In jedem Moment teilen sich die Zellen, die unsere Organe auskleiden, ersetzen abgenutzte Nachbarn und erhalten gleichzeitig Gewebe wie Darm, Innenohr und Reproduktionstrakt intakt und funktionsfähig. Geht diese Choreografie schief, können Folgeschäden von Fehlbildungen über Unfruchtbarkeit bis hin zu Krebs reichen. Diese Studie stellt zwei starke lebende Modelle vor — ein winziges Fischohr und einen mausspezifischen Fortpflanzungsgang — um in Echtzeit zu beobachten, wie hohe, dicht gepackte Epithelzellen sich teilen, ohne die von ihnen gebildete Barriere zu durchbrechen.

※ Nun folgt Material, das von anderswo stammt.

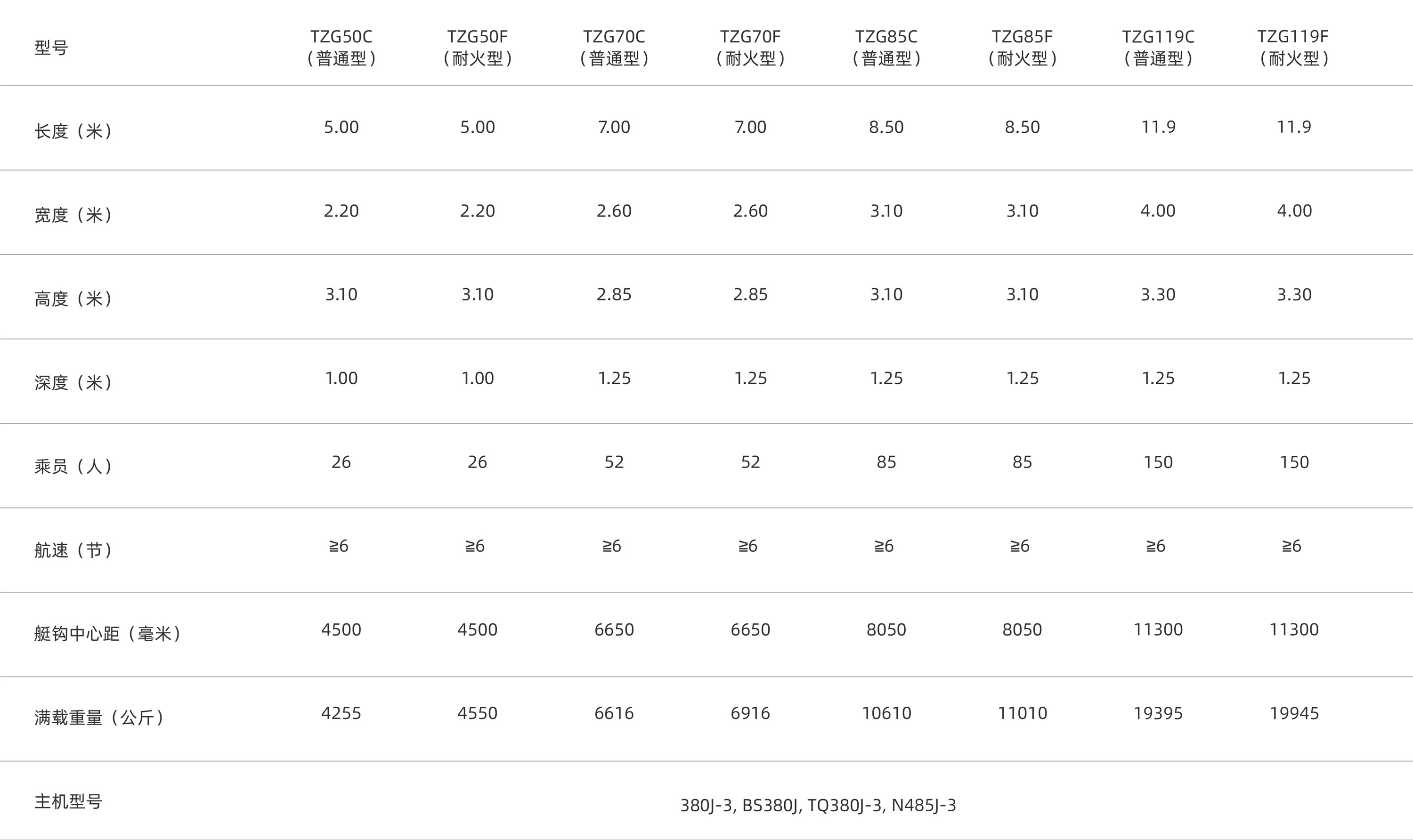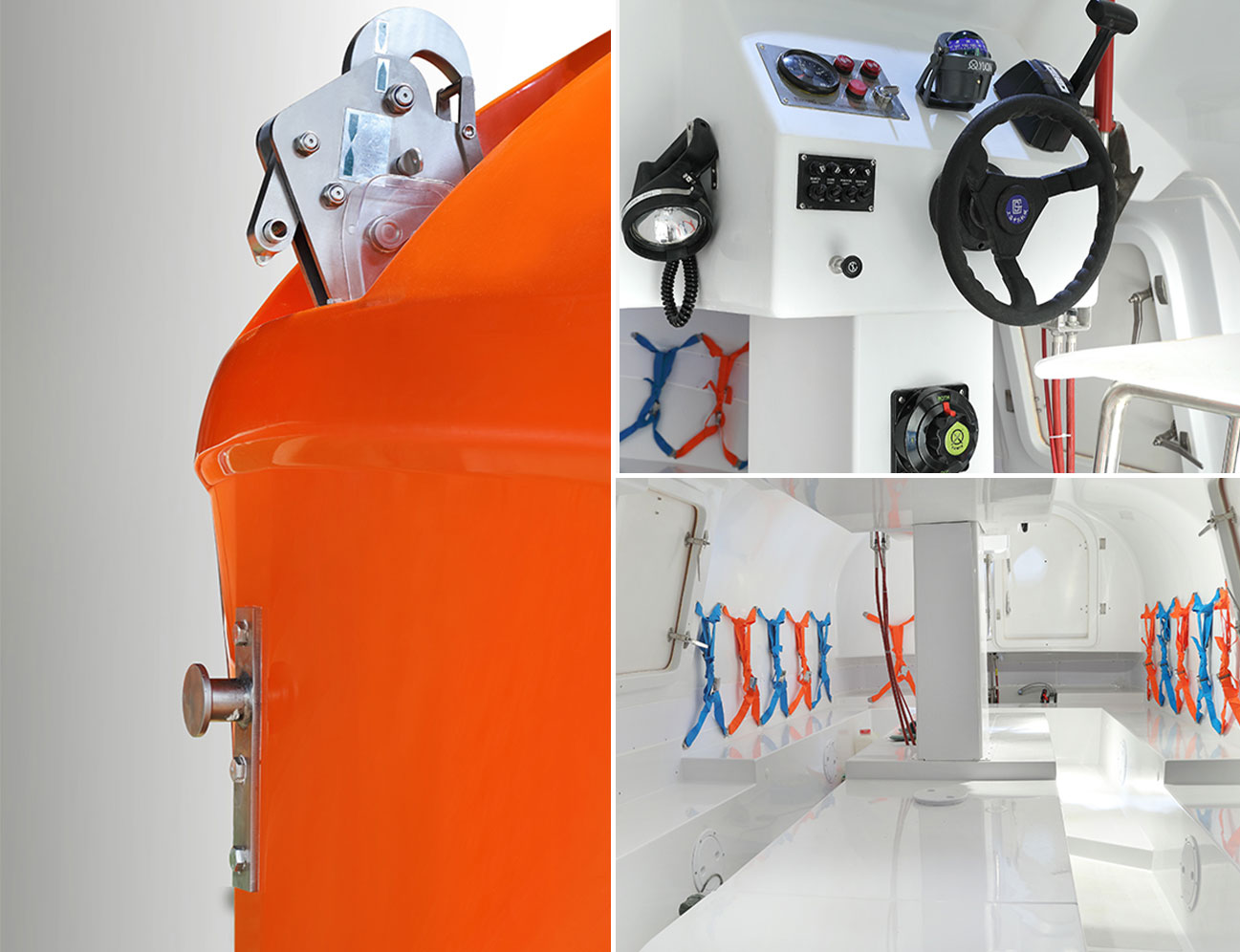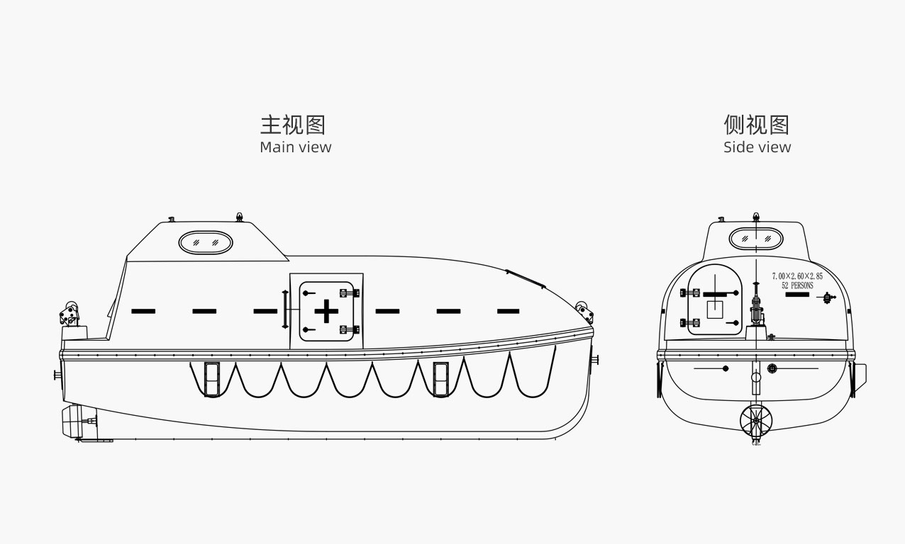 本艇的設(shè)計(jì)、制造和試驗(yàn)完全符合經(jīng)MSC.226(82)、MSC.274(85)、MSC.321(89)和MSC.323(89)修正的MSC.81(70)《經(jīng)修正的就生設(shè)備試驗(yàn)建議》第1部分;1974年國際海上人命安全公約及其修正案第Ⅲ章第21、31、34條;以及經(jīng)MSC.218(82)、MSC.272(85)、MSC.320(89)修正的MSC.48(66)《國際救生設(shè)備規(guī)則》第Ⅳ、Ⅴ章的要求;具備救生、救助兼用功能,適合在較惡劣海況下使用,如遠(yuǎn)洋客貨輪及油輪等,同時(shí)也適用于石油鉆井平臺(tái)、軍艦平臺(tái)等。 艇體為具有高耐燃特性的阻燃型玻璃鋼;供人員行走的表面均為防滑面;艇內(nèi)裝有可排除艇內(nèi)積水手搖泵;艇上裝有不銹鋼吊鉤系統(tǒng),采用吊艇索下放或回收;本艇可滿載全速航行大于24小時(shí),在滿載情況下可達(dá)到6節(jié)航速。 本艇有普通型和耐火型兩種規(guī)格,其中耐火型救生艇裝有灑水系統(tǒng),由主機(jī)水泵帶動(dòng)從艇最低處抽取海水,確保沒有易燃液體進(jìn)入系統(tǒng),灑水系統(tǒng)能提供足夠的水,噴灑于艇的表面;耐火型救生艇還裝有供氣系統(tǒng),可提供足夠的的空氣滿足全體乘員和柴油機(jī)全速運(yùn)轉(zhuǎn)至少8分鐘,能在艇內(nèi)形成一個(gè)超壓狀態(tài)以阻止有毒有害氣體的進(jìn)入。

Wenn Zellkerne zur Arbeit pendeln

In vielen Organen sind die Zellen, die dünne Schichten bilden, hoch und säulenförmig, mit einem Ende am Stützgewebe und dem anderen zum flüssigkeitsgefüllten Lumen. Bevor diese Zellen sich teilen, unternehmen ihre Zellkerne einen zeitlich genau abgestimmten „Pendelmarsch“. Sie beginnen nahe der Basis, wandern zur inneren Oberfläche, teilen sich dort und die beiden neuen Kerne reisen dann wieder nach unten. Diese Hin- und Herbewegung, interkinetische nukleare Migration genannt, wurde bisher vor allem im sich entwickelnden Gehirn untersucht. Die Autoren folgerten, dass man, um dieses Verfahren körperweit wirklich zu verstehen, lebende, hochauflösende Einblicke in einfachere, aber dennoch realistische Gewebe benötigt.

Ein Fischohr und ein Mausgang als lebende Labore

Die Forschenden passten das embryonale Zebrafisch-Otic-Vesikel — einen transparenten, flüssigkeitsgefüllten Sack, der später das Innenohr bildet — als Fenster zur Zellteilung in einfachem säulenförmigem Epithel an. Durch Injektion fluoreszierender Marker in befruchtete Eier konnten sie gleichzeitig Zellumrisse, Zellkerne und wichtige Strukturfasern unter einem Konfokalmikroskop beobachten, während sich das Embryo entwickelte. Sie konzentrierten sich auf ein Zeitfenster, in dem die Zellen einen ordentlichen, hohen Ring um das Bläschen bildeten. Parallel dazu untersuchten sie die Maus-Epididymis, einen langen gewundenen Gang, der zur Spermienreifung beiträgt, mithilfe dünner Gewebeschnitte und chemischer Marker, die DNA‑Synthese, Zellzyklusphasen und Strukturproteine kennzeichnen. Dieses bereichsübergreifende Design erlaubte es ihnen zu prüfen, ob dieselbe Kernbewegung auch bei sehr unterschiedlichen Wirbeltieren abläuft.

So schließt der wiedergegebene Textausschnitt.